Specifically, our results indicate that the market factor is the only factor that is consistently
priced across all test portfolios. As previously noted, this is a relatively uncommon finding in
comparison to previous UK-based literature. In addition, similarly to Gregory et al. (2013), we
find evidence that the value factor (as defined by Asness and Frazzini, 2013) and momentum factor
are mostly capable of explaining cross-sectional variation in expected returns. However, they are
not priced in all test portfolios. Nevertheless, as previously mentioned, given Asness and Frazzini's
(2013) finding that the traditional definition of value (HML) can be viewed as a portfolio of a more
accurate proxy for true value (𝐻𝑀𝐿𝐷𝐸𝑉
), momentum (𝑈𝑀𝐷), and noise, we warn that the choice
of 𝐻𝑀𝐿 as a definition of value is likely to lead towards misleading conclusions, as evident from
previous claims over value's redundancy, as well as momentum's capability in explaining cross-
sectional variation.
Furthermore, the contrast between the poor performance of the profitability factor (as
defined by Novy-Marx, 2013) when tested against (5 × 5) test portfolios and its relatively strong
performance on (2 × 4 × 4) test portfolios may stand as evidence that the profitability factor has
the potential to explain cross-sectional variation. Nonetheless, the factor's definition appears to be
empirically problematic. Therefore, in parallel to Nichol and Dowling's (2014) initial suggestion
and motivated by the fact that Foye's (2018) results have failed to identify which specification of
profitability best describes equity returns in the UK, we believe that further research is required
due to the factor's overall potential. In addition, we believe that the alternative definition of
profitability based on cash profitability, which is unaffected by accruals, as proposed by Ball et al.

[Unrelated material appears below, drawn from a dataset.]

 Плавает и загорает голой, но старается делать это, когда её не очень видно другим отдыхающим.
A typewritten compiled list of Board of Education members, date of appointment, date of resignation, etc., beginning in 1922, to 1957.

(2016), which has not been considered by Foye (2018), could prove to be a potential candidate.
21
Our view is motivated by the US-based evidence from various tests conducted by Fama and French
(2018). Another finding is that both the size factor and investment factor appear to be ineffective
in a UK context, given that all of our test portfolios were unable to price them.

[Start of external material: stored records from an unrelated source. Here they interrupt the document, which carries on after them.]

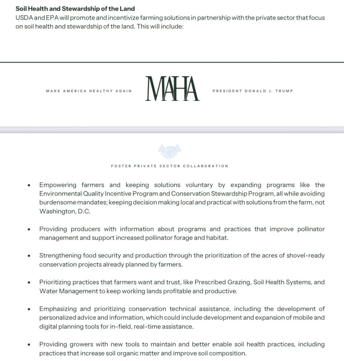 USDA and EPA will work with farmers on practices like prescribed grazing, water management, and soil health systems to keep working lands profitable and productive while protecting America’s food future.
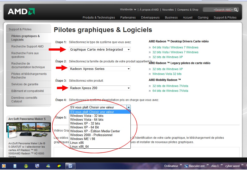 quel driver avez vous pris, car sur le site ATI, il n'y a pas de pilote pour windows7
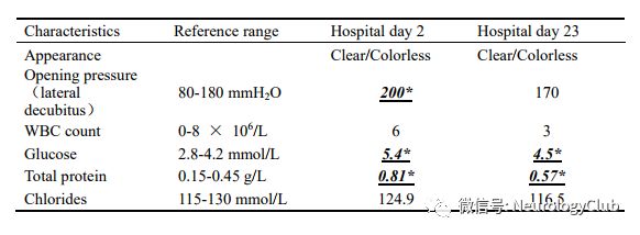 37岁女性,既往体健,在寒战,发烧和肌痛3天后出现谵妄,入院时为昏迷状态。神经影像学提示双侧丘脑和脑桥受累(图1-2),静脉窦正常。实验室检查发现血清转氨酶升高,脑脊液蛋白增加,无特异性病毒(表1-3)。
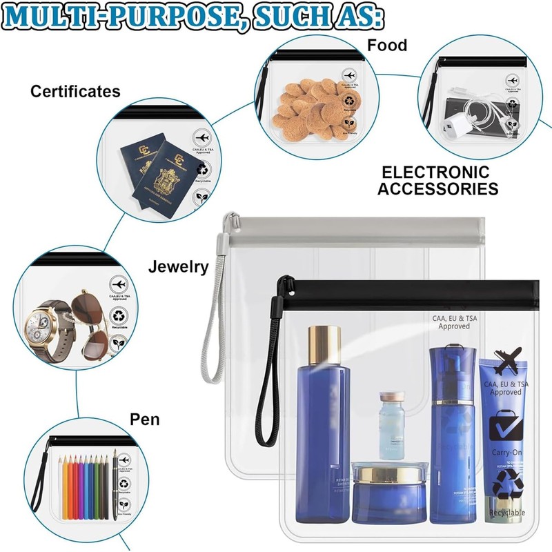 2, Our clear travel bags fully comply with the airport 3-1-1 rule, (containers holding liquid items should be placed in a transparent resealable plastic bag with a maximum volume of no more than 1 litre (L)).
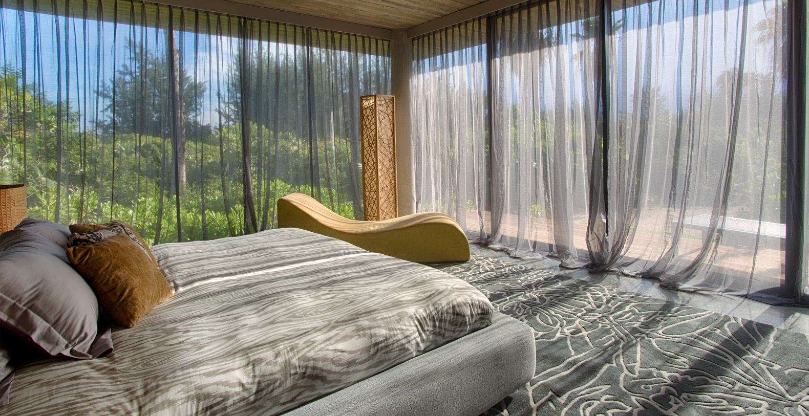 Sheer comfort and privacy characterize the four minimalist bedrooms suites.
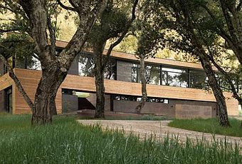 El diseño y la volumetria es de predominio horizontal, revestida en madera y acero.
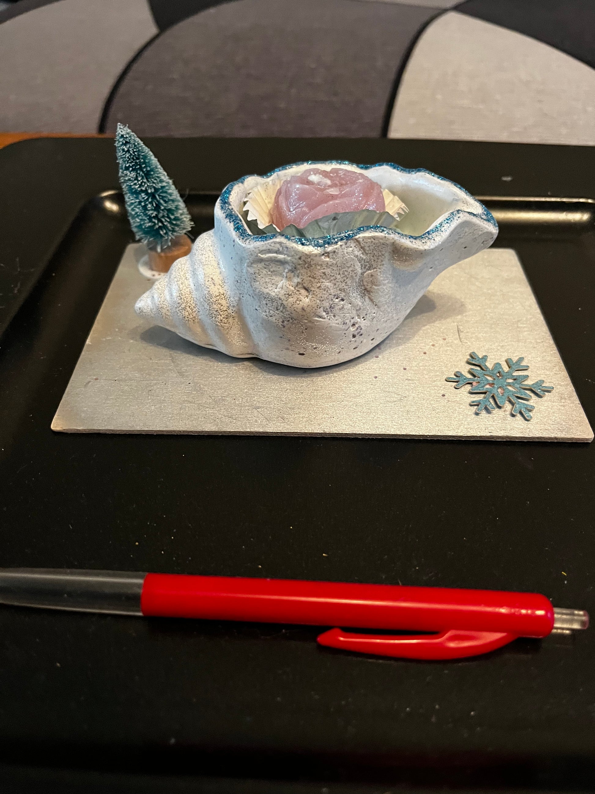 Bougie en forme de fleurs rose dans un beau support en forme d'escargot en plâtre. Nous l'avons décoré avec des petites pierres. Le contour est en bleu brillant.
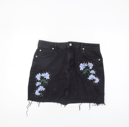 Blue Buddha Womens Black Size 14 Embroidered A-Line Skirt
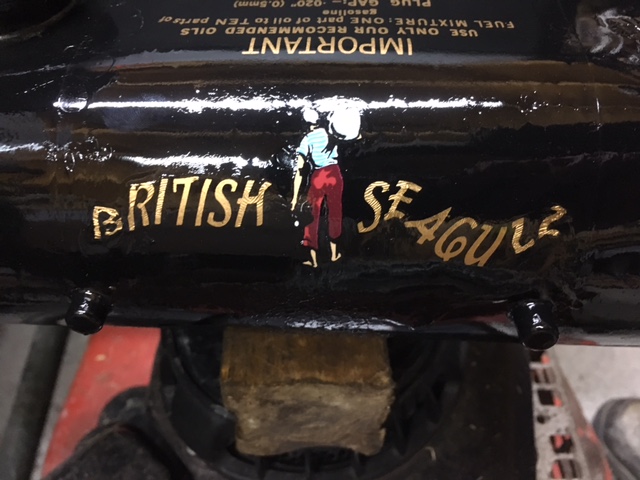 The ones we use now are water slide decals screen printed on one sheet and the original ones were screen printed as individual words on one sheet, that's why you can see the edge of the decals around each word, as they were laid down on the tank as one sheet and the backing paper removed using a solvent, as decals can be made up of layers of paint and lacquer to make them look glossy.
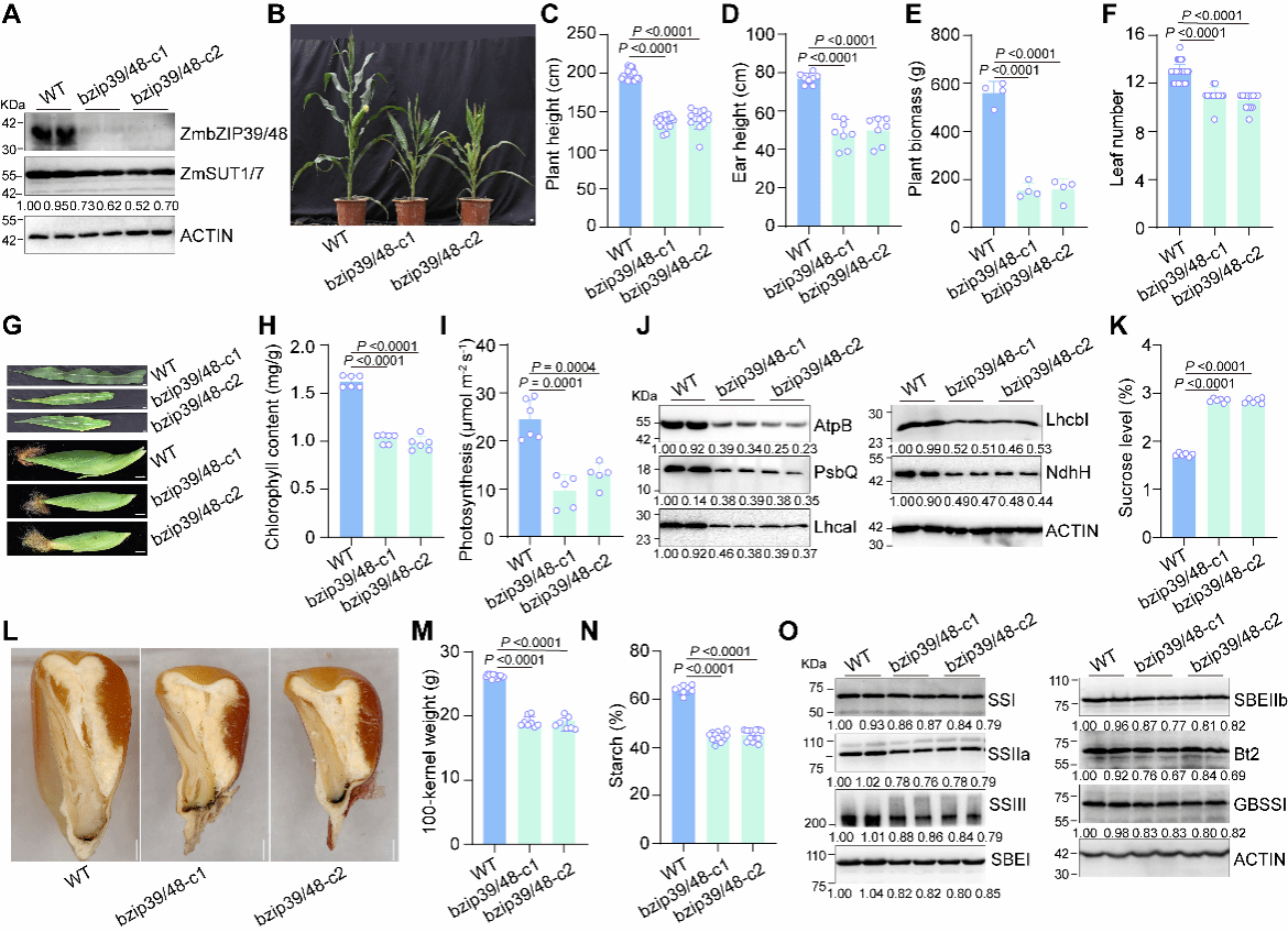 研究团队首先采用不同长度的ZmSUT1启动子开展转录活性测试,发现起始密码子上游500-1000bp为重要调控区域。进一步采用DNA-protein pull-down联合质谱分析,鉴定到ZmbZIP39为ZmSUT1上游调控因子,并利用多种实验证实ZmbZIP39通过结合到ZmSUT1启动子上的G-box元件发挥调控功能。鉴于ZmbZIP39与ZmbZIP48序列高度同源,研究团队构建了zmbzip39和zmbzip48双突变体。结果显示,发现纯合突变体表现为植株矮化、叶片黄化、光合效率降低、籽粒变小、糖和蛋白储藏量均显著降低。相反,ZmbZIP39过表达植株的光合效率增强、生物量增加、衰老延迟、籽粒变大且糖储存量增加。

Of course, our research is not without its shortcomings. For instance, given the fact that all
but one of our test portfolio groups have failed to reject the null hypothesis of the chi-squared test,
that the pricing errors are jointly equal to zero, following Lewellen et al.'s (2010) critique, we are
forced to be sceptical of our results concerning which factors are priced. Furthermore, given Lo
and MacKinlay's (1990) and Lewellen et al.'s (2010) critique against solely relying on test
portfolios formed using the same characteristics as the factors, we are critical of the fact that all of
our test portfolios are formed from the same characteristics as our factors. Nonetheless, we believe
that using a wide range of test portfolios, as advocated by Foye (2018), can help provide a clearer
view. For this reason, as mentioned earlier, we are sceptical of Fletcher's (2019) conclusion that
the six-factor model of Fama and French (2018) with small spread factors provides the best
performance compared to all factor models tested in the UK, which is entirely based on the results
from size-value and size-momentum intersecting test portfolios.
Another potentially limiting factor is the fact that our factors are constructed using only the
largest 350 firms in terms of market capitalisation. However, as recognised by Fama and French
(2012), the choice of appropriate breakpoints when forming regional factor portfolios is crucial.

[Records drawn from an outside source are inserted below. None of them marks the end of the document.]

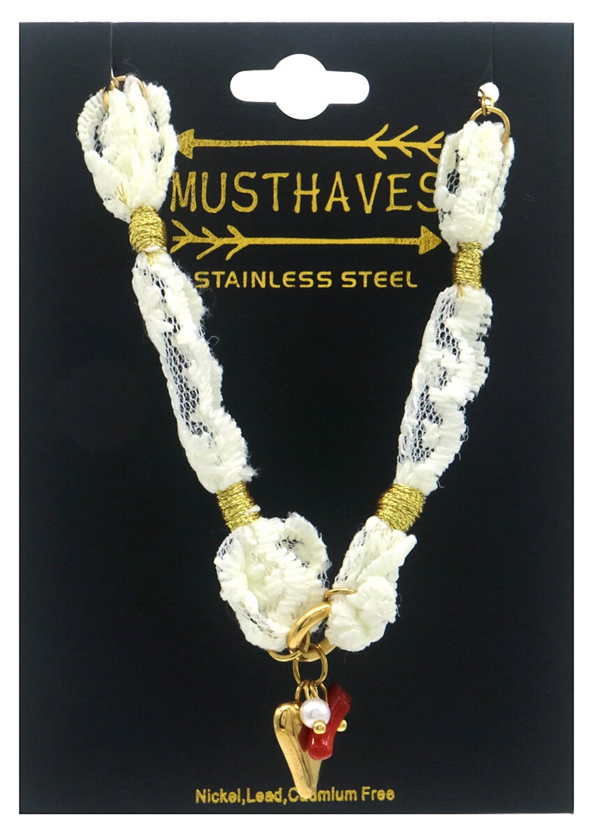 Armband Lace-heart. Trend alert! Helemaal nieuw zijn deze armbanden met kant! Supermooi voor een speciale gelegenheid of een vleugje verfijning toevoegen aan uw dagelijkse look, met deze armband zit je altijd goed. Gemaakt van Stainless steel en verstelbaar van 16-21 cm.
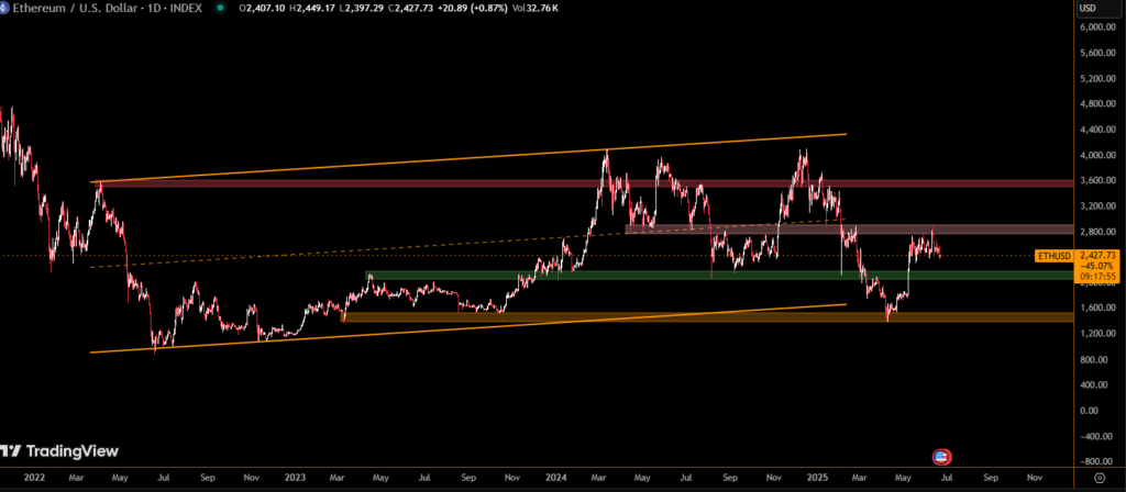 The bounce formed a key support zone between $2,420 and $2,430, confirmed by multiple low-volume retests, signaling early signs of accumulation.
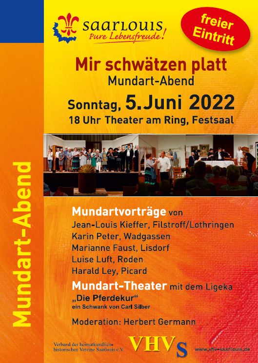 „Mir schwätzen platt“ heißt es am Sonntag, 5. Juni, beim Mundart-Abend im Theater am Ring, der dort im Rahmen der Saarlouiser Woche stattfindet. Mit dabei sind Mundartvorträge von Jean-Louis Kieffer aus dem lothringischen Filstroff, Karin Peter, Marianne Faus, Luise Luft und Harald Ley (alle aus dem Kreis und Stadt Saarlouis).

Ergo, if one wishes to construct the factors from a broader firm sample must carefully choose the
appropriate breakpoints for that particular sample, as we did following Gregory et al. (2001, 2013).
Additionally, one does not have to limit oneself to the Fama-Macbeth (1973) procedure as
we have chosen. The same tests that we have conducted in our research could be applied using the
GMM two-stage procedure for linear factor models as described by Cochrane (2001, Ch.13).
Alternatively, suppose one wishes to conduct comparison tests on multiple model specifications.
In that case, one can choose to deploy the Bayesian approach described by Barillas and Shanken
(2018) or the squared Sharpe ratio method explained by Barillas et al. (2020).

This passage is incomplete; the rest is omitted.